I enter my room, release a breath. I take off my shirt, drop my pants to get comfortable. I avoid my reflection in the mirror on the wall. There is a ritual to this, one I follow without fail with hopes that going through the motions will bring me back to the task at hand and erase the doubts eating away at my resolve.

I open my bag and remove my supplies, set them at ready on the bed. I spread plastic sheeting across the floor. I cover the windows in thick black cloth that shuts out the light. Expensive hotel rooms are soundproof. I place a chair in the center of the room, a coil of rope on the seat.

I do one thousand push-ups in the center of the room. I am dripping sweat onto the plastic by the time my arms are too weak to continue. I finally glance in the mirror, look at the scar across my chest, hold my knuckles to the reflection and look at the scars there. I set my other supplies on the dresser; the case that contains them closed until the exact moment its contents are needed. I set up the camera and tripod in the corner of the room.

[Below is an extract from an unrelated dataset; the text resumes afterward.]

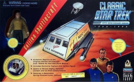 Notes: This new version of the Shuttlecraft Galileo was made to commemorate the 30th Anniversary of the Star Trek franchise. The craft comes with an exclusive Kirk figure and each box is numbered as limited edition.

She doesn’t wait for my call. Her voice on the line is still tinged with sleep. She invites me over for a drink and a bath. I dress and knock on her door. She is dressed in a typical skimpy stripper ensemble that still manages to do the trick in a unique way. “I made your drink already. The bath water is ready,” she says.

I take a sip of my whiskey sour. I shake my head at how perfect it tastes.

“You coming?” she says from the bathroom. I enter and she is naked, the bubbling water obscures any details. She is sipping a glass of something amber and she lifts a foot from the water to point a manicured toe at me. “Disrobe.”

“No weird stuff,” I say smiling.

She smiles back and says in a sober voice, “expressions of happiness look strange on your face.”

“Some might say you’re a little too observant for your own good,” I say. I remove my pants and underwear first, because I feel some need to not appear shy. I slide into the water and pick my drink up from the floor, take a sip. “You make these well,” I say.

“I do a lot of things well. So, tell me about yourself, Lyndon.”

“I never told you my name,” I say.

“There are ways to find things out. I’m sure you know that. That’s not important. Tell me about yourself. You work for politicians. What does that mean exactly?”

“I do things for them. Specific things that others do not have the stomach for.”

“Is that so?” she shifts in the bathtub; she drifts over to me and sits on my lap. I feel her against me and I will away any reaction because she will then have the upper hand. I am but a man. She has taught me that I am but a man. “The arms dealer. He’s running for office.” The words sound dull in the bathroom, and her eyes meet mine head on. “You know him?”

“What’s his name?”

“Onyale Farook. Running for State Representative or something. Something big but not very. Maybe that’s not the title of the position he‘s going for, I‘m not sure, but it’s something that will allow him to sneak his way up into higher office eventually.”

“I don’t know him,” I say. She leans against me, lies her head on my chest and her breath tickles my skin.

“You’ve got a lot of scars. A lot. The ones on your knuckles are the worst. I wouldn’t have known that you had this under your clothes. You seem simpler when you’re dressed. Like a person who never toes the line.”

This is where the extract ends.